- _WHAT IS NEEDED_
From the line containing "Van'da ev baskını: Üç kişi tutuklandı" to the end of the data, retype every line exactly and nothing else. Drop the pictures.

- _INFORMATION GIVEN_
========

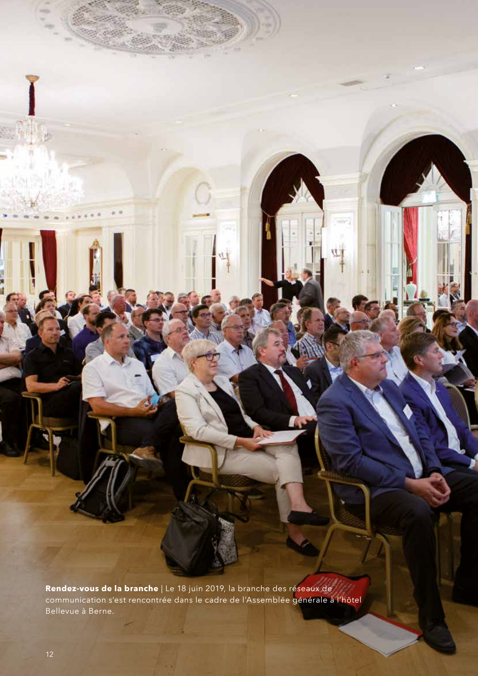
Rendez-vous de la branche | Le 18 juin 2019, la branche des réseaux de communication s'est rencontrée dans le cadre de l'Assemblée générale à l'hôtel Bellevue à Berne.
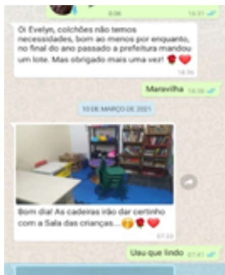
Cadeiras que doamos
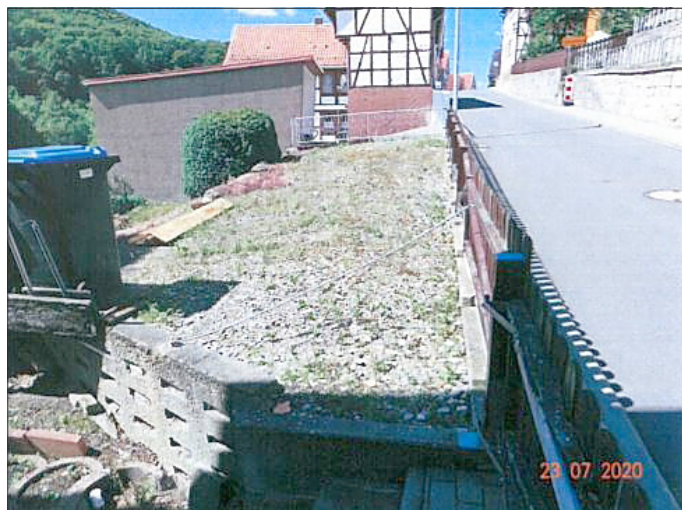
Nachbargrundstück das für Stellplätze gepachtet werden kann, im Vordergrund Zuwegung (Treppen) zum Schuppen und überdachter Sitzfläche
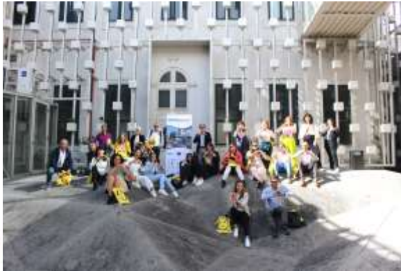
Rencontre transnationale à Braga, Portugal, Juin 2024

Dynamisation des centres-villes & Evaluation
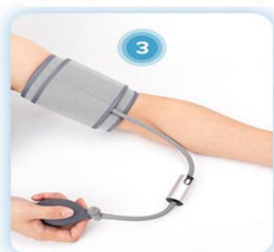
Kliknij start na aplikacji i pompuj gruszkę
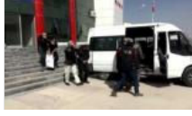
Van'da ev baskını: Üç kişi tutuklandı
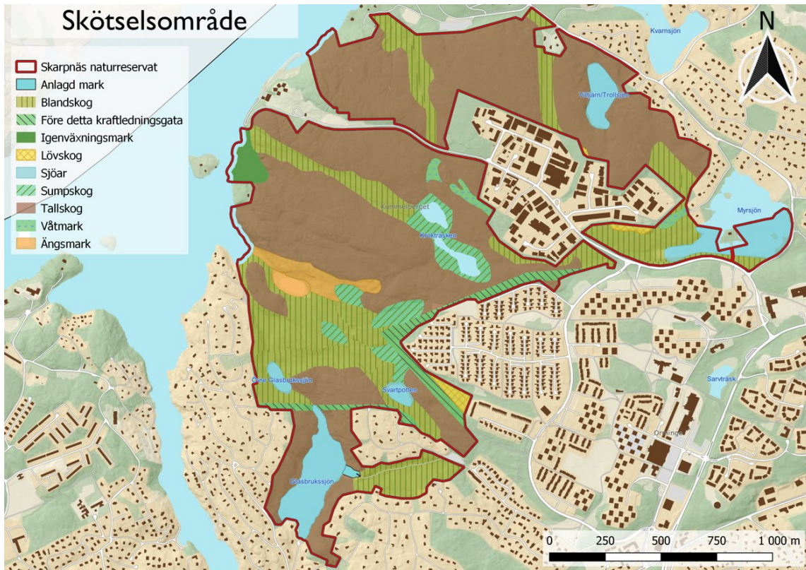
Naturmark inom Skarpnäs naturreservat (från skötselplan för Skarpnäs naturreservat)

========

- _RESPONSE TO THIS EXERCISE_
Van'da ev baskını: Üç kişi tutuklandı
Naturmark inom Skarpnäs naturreservat (från skötselplan för Skarpnäs naturreservat)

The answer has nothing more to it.